Submission 08
Dear Kian,
It’s been 1 year, and 7 months and it hasn’t gotten any easier without you here. You’re on my mind every hour of every day, I often wonder what I would say to you, and today 04/04/2022 this is how I feel.
I wish I had been more open about my own mental health struggles as I adapted to being put on antidepressants, I wish I had spoken out to family and friends because maybe you would have known you weren’t alone and that if I had known that you were struggling before it was too late, I could have helped you out, we could have got through it together.
Nothing could have prepared me from the phone call from my brother, telling me to avoid Facebook as there’s photographs of someone who has killed themselves and the rumours were that it was you. My mum went to your grans as the police asked her to confirm a photograph of you. Within 10 minutes of the first phone call my brother called back to tell me that it was you.

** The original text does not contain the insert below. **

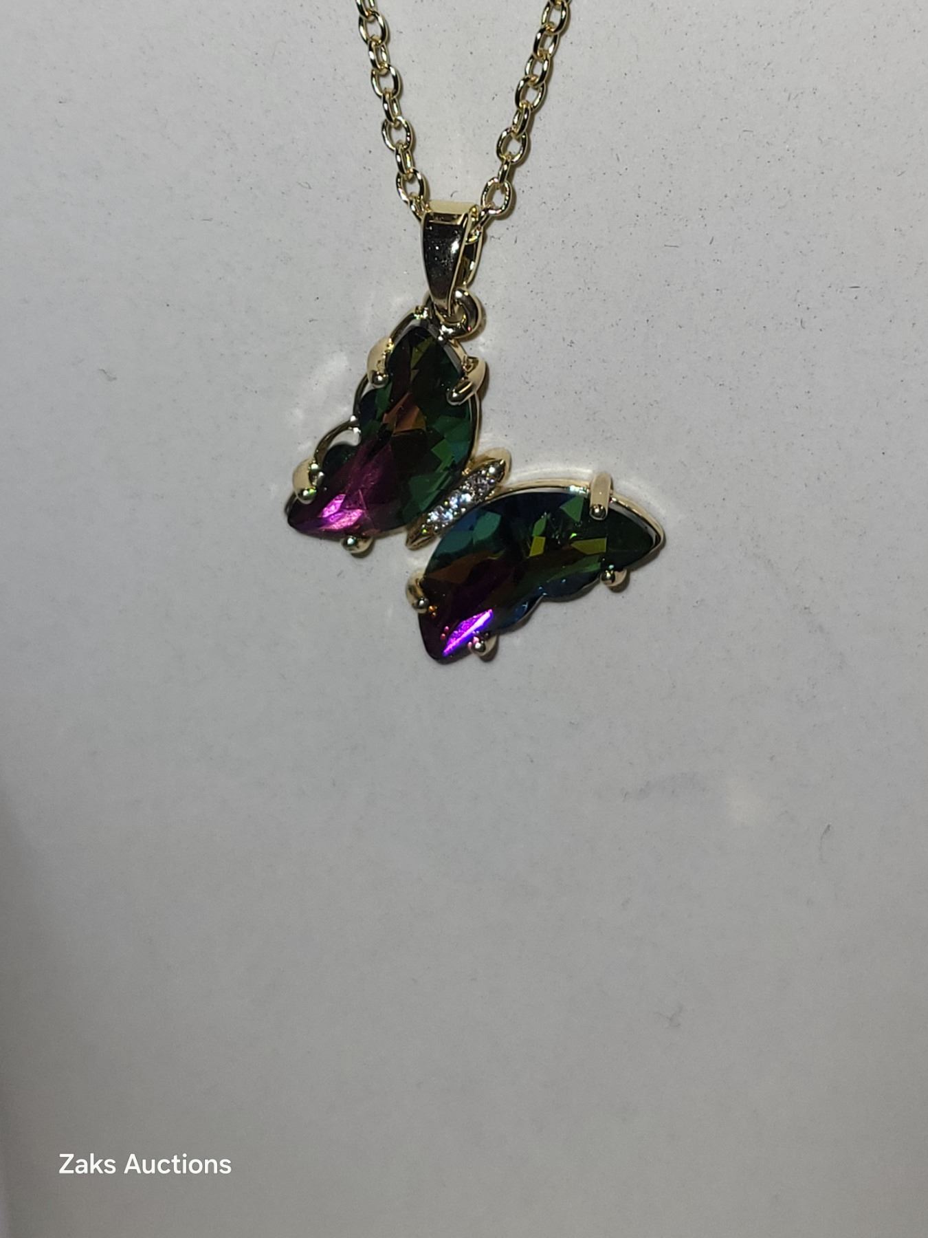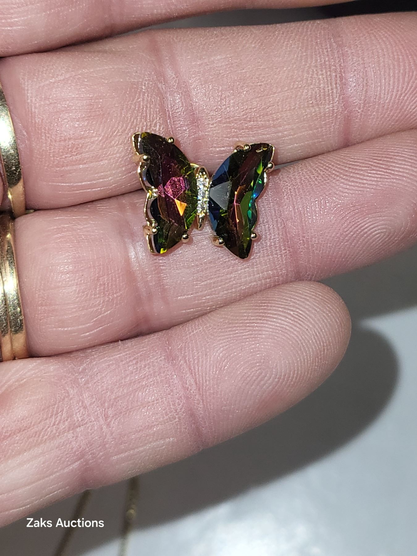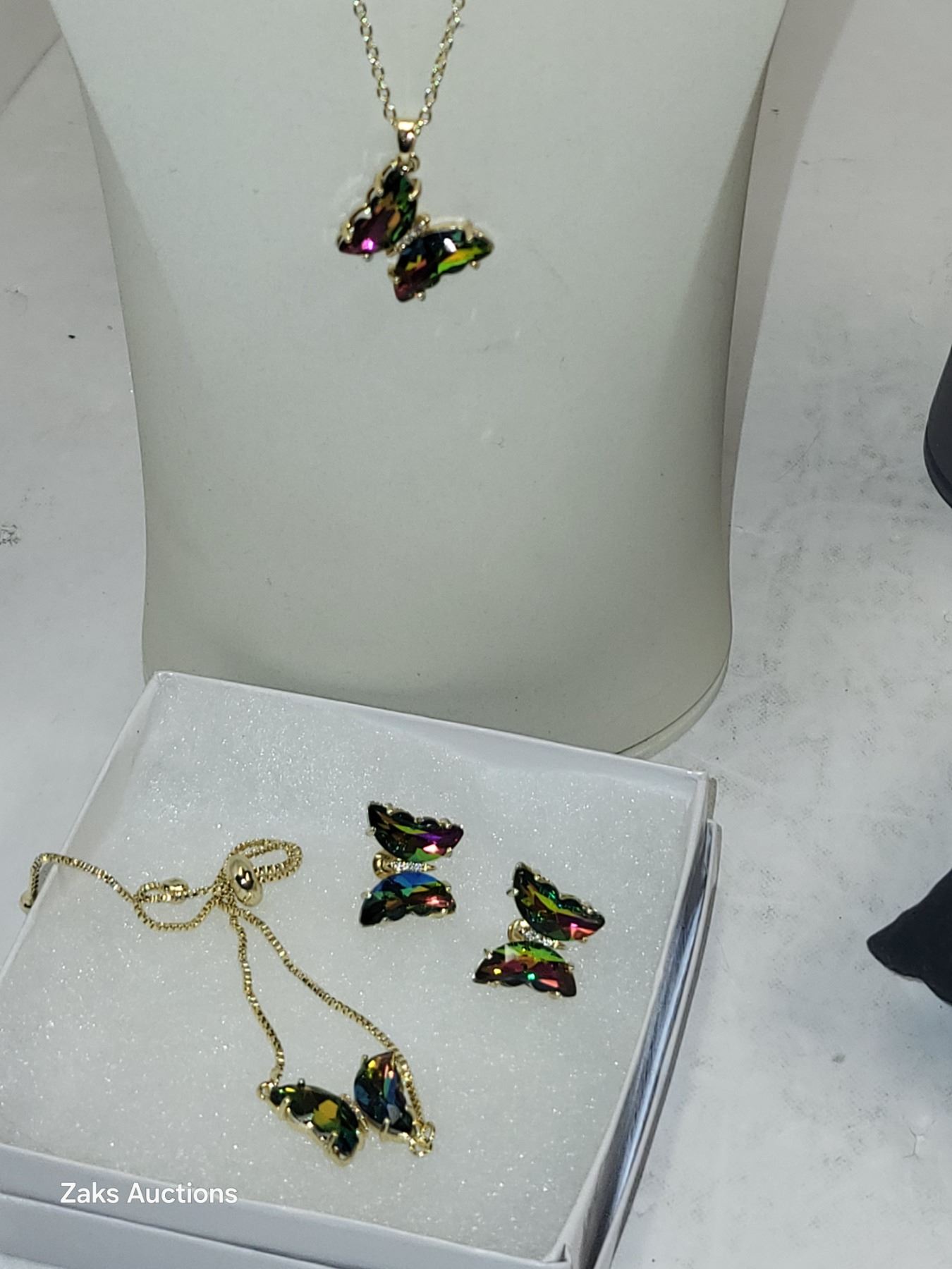 Beautiful Butterfly Crystal Gradient Necklace, Bracelet & Earring Set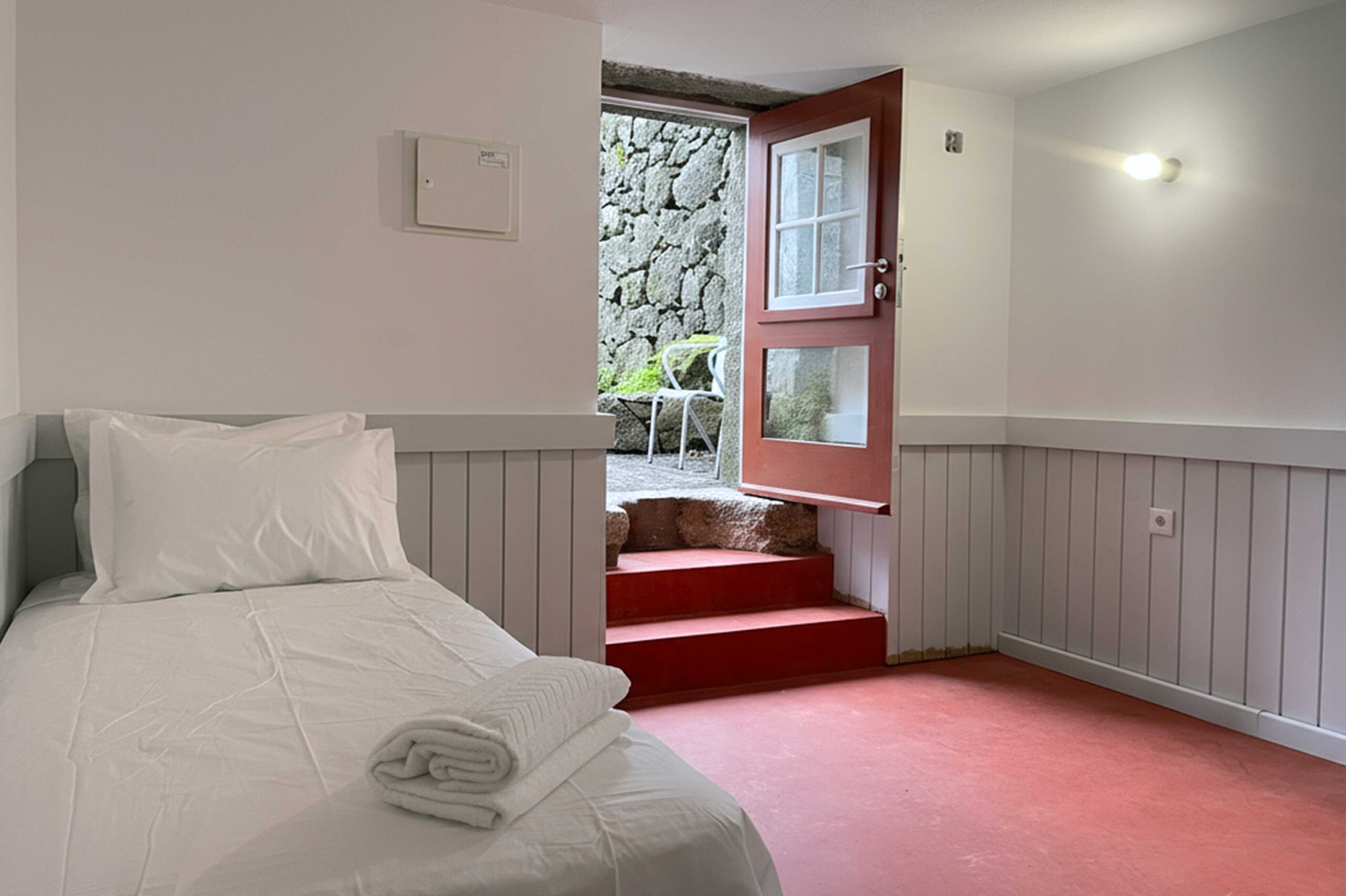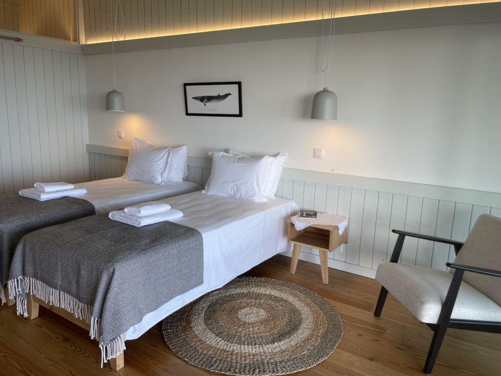 Quarto destinado a guias acompanhantes de grupos. Se vem acompanhar um grupo de atividades de mar ou montanha é muito bem-vindo e saiba que os Abrigos Baleeiros dispõem de 1 quarto com 2 camas individuais e casa de banho partilhada, situado num belo edifício antigo, de pedra basalto, requalificado.

My little cousin, Kian, only 17 years old I can’t imagine what was going through your head as you headed to that park that night and I wish I was given some sign or something to go on my usual late night drive as I would have seen you it haunts me every day that you were preparing to take your own life just minutes away from my home where I was peacefully sleeping. I feel so selfish, why? Why you? Would you have wanted help? Was it your first time? All questions I will never know the answer to.
I hope and pray everyday that you are now at peace I hope you are reunited with our loved ones, and I hope you can guide me through this crazy life from above until we can meet again.